Сказать, что Публий Сципион был захвачен всем этим веселым вихрем, значило бы не сказать ничего. Сципион во всем этом блеске задавал тон, все новое исходило, казалось, от Сципиона и имело Сципиона своим знаменем. Это он создал «великое и несокрушимое могущество своего отечества» (Плутарх). Это он стал открыто восхищаться греческим театром, литературой и вообще греческой жизнью. Он, казалось, заразил общество своей радостной уверенностью в счастье Рима, в его великое будущее. В свое время в Сицилии о нем говорили, что он ведет себя не как командующий войском, а как устроитель празднеств. Это было во время войны, в самый тяжелый для Публия момент. Можно ли удивляться, что он так безудержно отдался веселью теперь? Он устраивал блестящие игры и великолепные пиры (Polyb., XVII, 23, 6; Liv., XXXI, 49), со страстью отдался своему давнишнему увлечению театром. Он приближал к себе поэтов,[113] украшал Рим, чтобы тот более походил на прекрасные города Эллады. Публий сделался законодателем мод: подражая ему, юноши стали носить перстни с геммами, кудри (Plin. N.H., XXXVII, 85). Прямо кажется иногда, что этот влюбленный в искусство человек, с кудрями и блестящими кольцами, словно сошел с полотна какого-нибудь мастера эпохи Возрождения.
* * *
Необузданное веселье той эпохи лишь на первый взгляд могло показаться бездумным. Люди того времени жили напряженной внутренней жизнью. Никогда не было еще в Риме такого блеска талантов, такого страстного стремления к знаниям. Один знатный человек, Эмилий Павел, шурин Публия, вызвав лучших греческих наставников, учил своих детей грамматике, философии, риторике, мало того, — рисованию и лепке (Plut. Paul., 6). Два других сенатора, Фабий Пиктор и Цинций, занялись римской историей. Фабий Лабеон и Попилий, оба консуляры, сочиняли стихи (Suet. Terent., 4). Первый настоящий римский оратор Цетег, консул 204 года до н. э., был так красноречив, что восхищенный Энний назвал его «душой богини убеждения» (Cic. Brut., 57–59). Ученейший юрист Секст Элий систематизировал право. Еще во времена Цицерона у всех судей на руках были его записки (Cic. De or., I, 240; Brut., 79). Но всех превзошел Сульпиций Галл, тогда еще юноша (он лет на двадцать пять был моложе Публия). Знатнейшего рода, безукоризненной честности, сенатор и консул, Галл был человеком с изумительно тонким вкусом, наделенный любовью к красоте (Cic. Brut., 78). И вот этот государственный муж сделался страстным астрономом и математиком. «Мы видели, как в своем рвении измерить чуть ли не все небо и землю тратил свои силы Гай Галл, — вспоминает одно лицо у Цицерона. — …Сколько раз рассвет заставал его за вычислениями, к которым он приступал ночью, сколько раз ночь заставала его за занятиями, начатыми утром! Какая для него была радость заранее предсказать нам затмение Солнца или Луны» (Cic. Senect., 49).
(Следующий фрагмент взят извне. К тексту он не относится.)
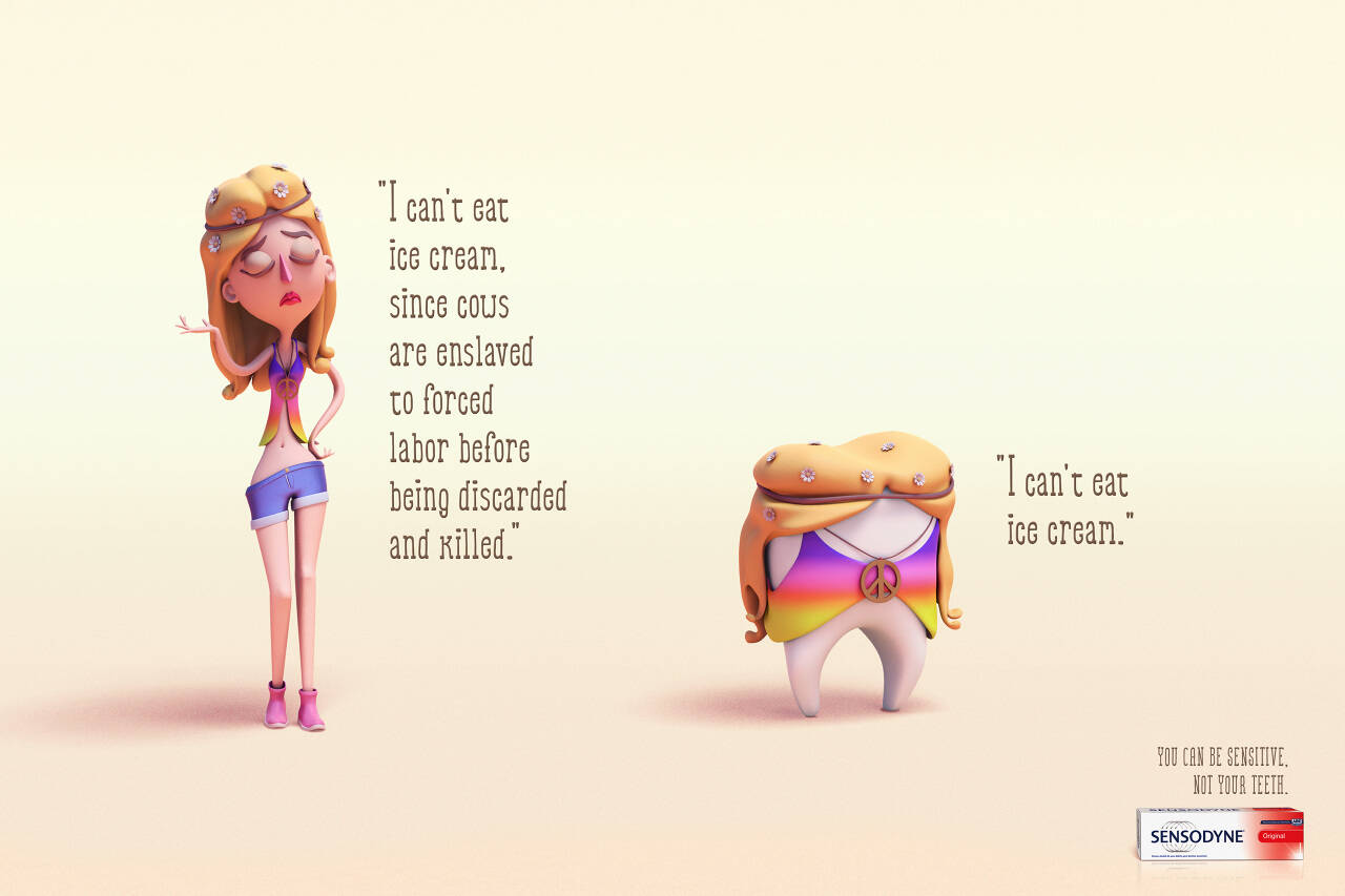 This professional campaign titled 'Vegan Teeth, Hipster Teeth' was published in Brazil in February, 2014. It was created for the brand: Sensodyne, by ad agency: Grey. This Print medium campaign is related to the Health industry and contains 2 media assets. It was submitted over 11 years ago.
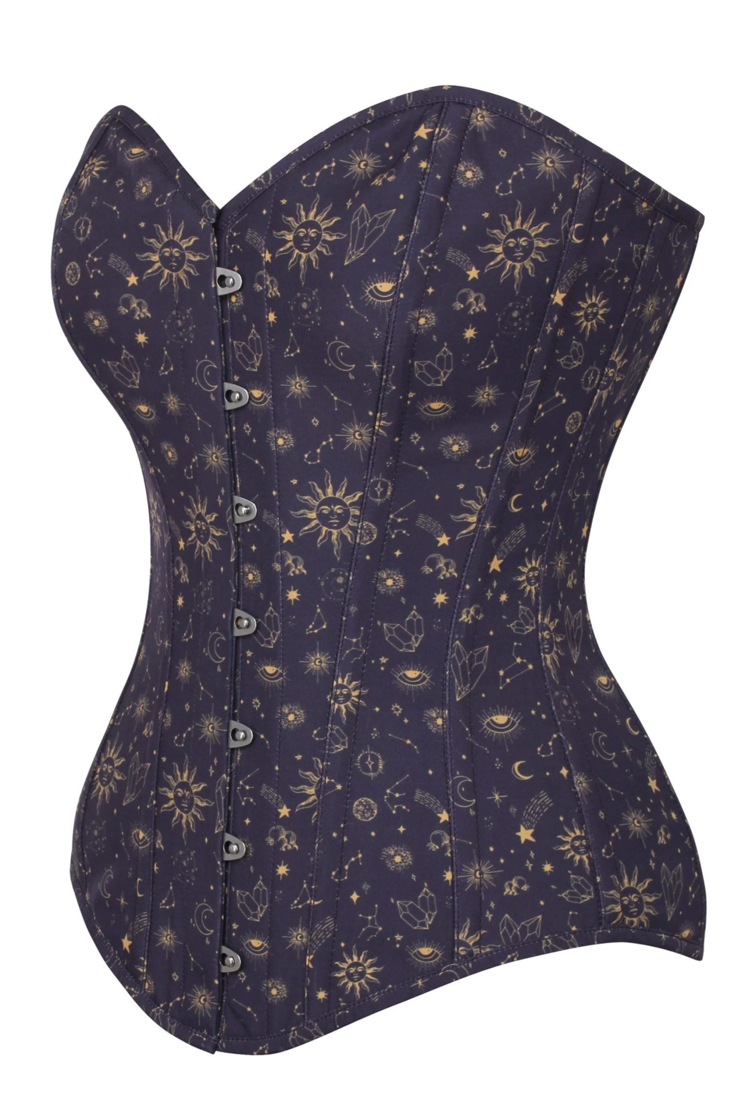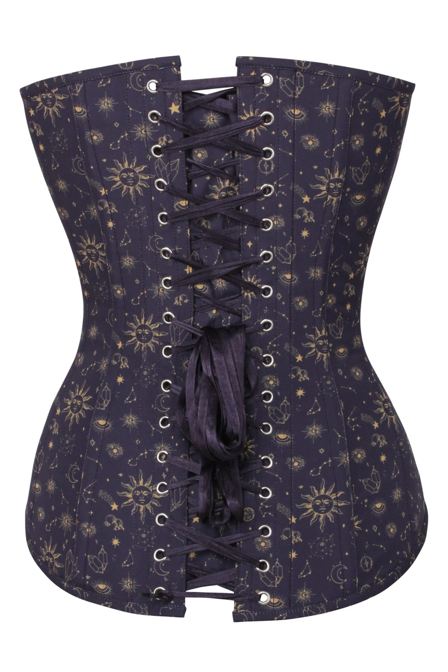 - Designmerkmale des Korsetts: indigoblauer und goldener Astronomiedruck
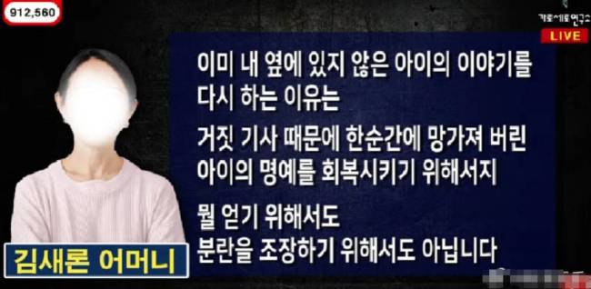 3月11日,韩国娱乐博主今日在直播中持续爆料,他放出了一段立场文,并自称这是金赛纶母亲所写的,文中表示:“我不是为了得到什么,也不想什么挑起争端,只是希望被记住和纪念,就像生前作为演员那样,不论为别人的笑柄,请帮我恢复赛纶生前的名誉。”
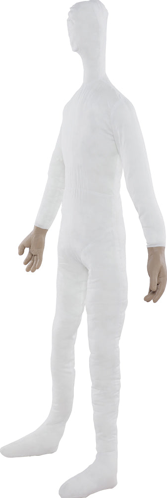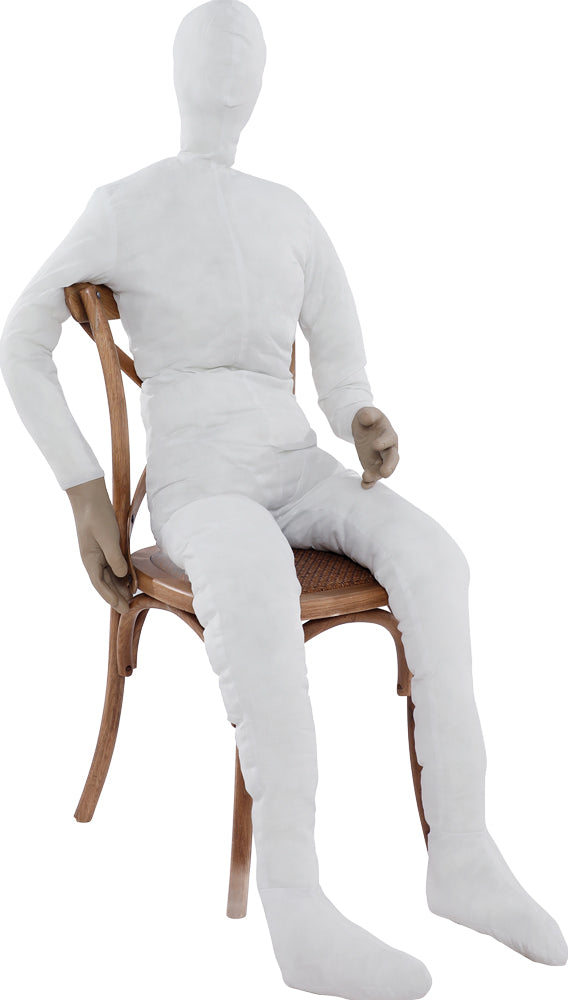 Dress it up and make it look absolutely real. Cloth body with real looking hands and poseable arms and neck. Poseable. Has wires in arms.

Красноречие, юриспруденция, история были детьми той блестящей эпохи.{50} Но, пожалуй, никто из служителей изящных искусств не прославился так, как отец римской поэзии, любимый поэт Цицерона и Лукреция, образец для Вергилия, тот, «кто первым принес с высот Геликона вечнозеленый венец» в Италию, — Квинт Энний (Lucr., I, 117–118).